Benefits and pitfalls of the use of intrapartum ultrasound.

Introduction

Ultrasound in labour (intrapartum ultrasound) has come to the fore in the last decade stemming from both an increased desire for a reliable method of labour assessment coupled with increased availability of ultrasound on the delivery suite. The use of ultrasound in the delivery suite currently is predominantly for presentation, amniotic fluid and fetal heart assessment, but there is a growing acknowledgement that ultrasound parameters could be used in assessing the progress of labour, and potentially in predicting labour outcome.

The need for an objective method of assessing labour was first recognised as early as 1977 with the first known publication on intrapartum scanning. A more comprehensive review of intrapartum ultrasound, incorporating some concepts that are standard in contemporary practice was described in a Russian PhD thesis from the mid‐1990s. There is the need, if not an alternative, then at least an adjunctive to digital vaginal examinations (VE). Digital VEs are associated with ascending infection to the fetus, chorioamnionitis and endometritis as well as reduced time to delivery in preterm labour. The examination itself may also be an uncomfortable experience for the labouring woman.

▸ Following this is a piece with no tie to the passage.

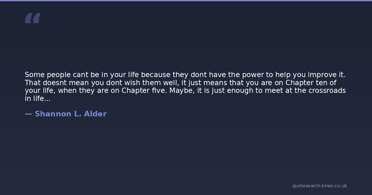 Some people cant be in your life because they dont have the power to help you improve it. That doesnt mean you dont wish them well, it just means that you are on Chapter ten of your life, when they are on Chapter five. Maybe, it is just enough to meet at the crossroads in life and agree to take separate paths, then with a cheshire grin you both look back and shout, Beat you to the top of the mountain, followed by the funnest sprint of both of your lives.
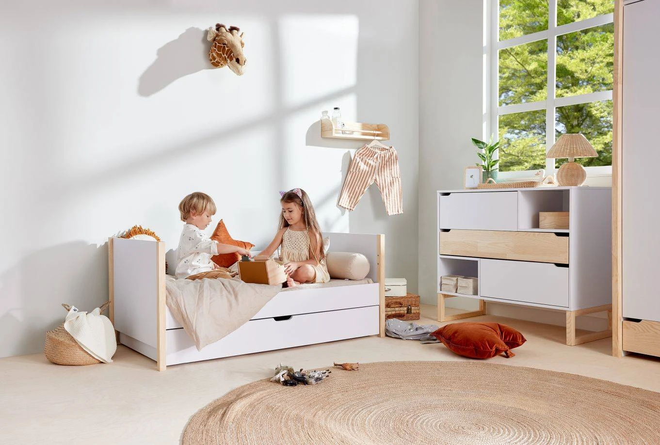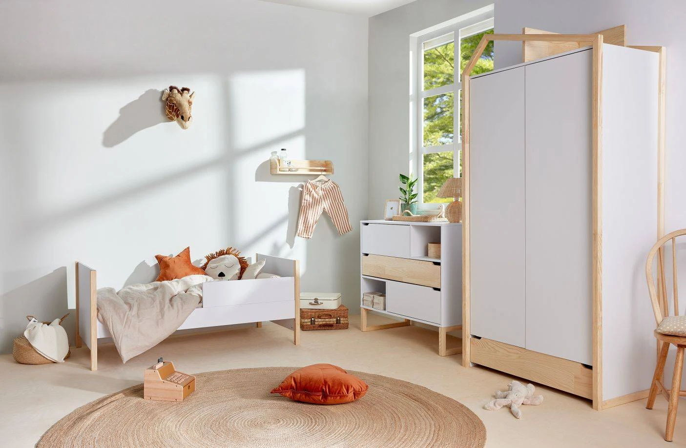 Kolekcja z nutą fantazji. Utrzymana w nowoczesnym, geometrycznym charakterze. Pełna wyrazistych kształtów i dynamicznych kontrastów. Zestaw dla małych odkrywców. Dzieciaków z temperamentem, dla których pokój staje się przestrzenią inspiracji i wyobraźni oraz kreatywnej zabawy.

In some circumstances, digital vaginal examinations (VEs) are contraindicated, such as Placenta Praevia or Preterm Prelabour Rupture Of Membranes (PPROM). For some women with a fear of childbirth, previous sexual trauma or vaginismus, digital VEs are especially traumatic and for these women special arrangements are usually made to avoid examination except where absolutely necessary. Irrespective of these concerns, digital VE is a notoriously subjective technique and agreement between observers is frequently poor. ,

Transabdominal ultrasound

Head position

Several studies have assessed the accuracy of transabdominal ultrasound in comparison with digital VE in determining fetal head position. These have concluded that ultrasound is superior to digital VE in identifying the correct fetal head position. – However, a recent large randomised controlled trial has shown no difference in obstetric or neonatal morbidity despite demonstrating increased accuracy of fetal position with ultrasound in the second stage of labour when used in assisted vaginal delivery. In addition, in a recent large randomised study Popowski, et al. have shown increased obstetric intervention in the group where ultrasound was used in addition to vaginal examinations.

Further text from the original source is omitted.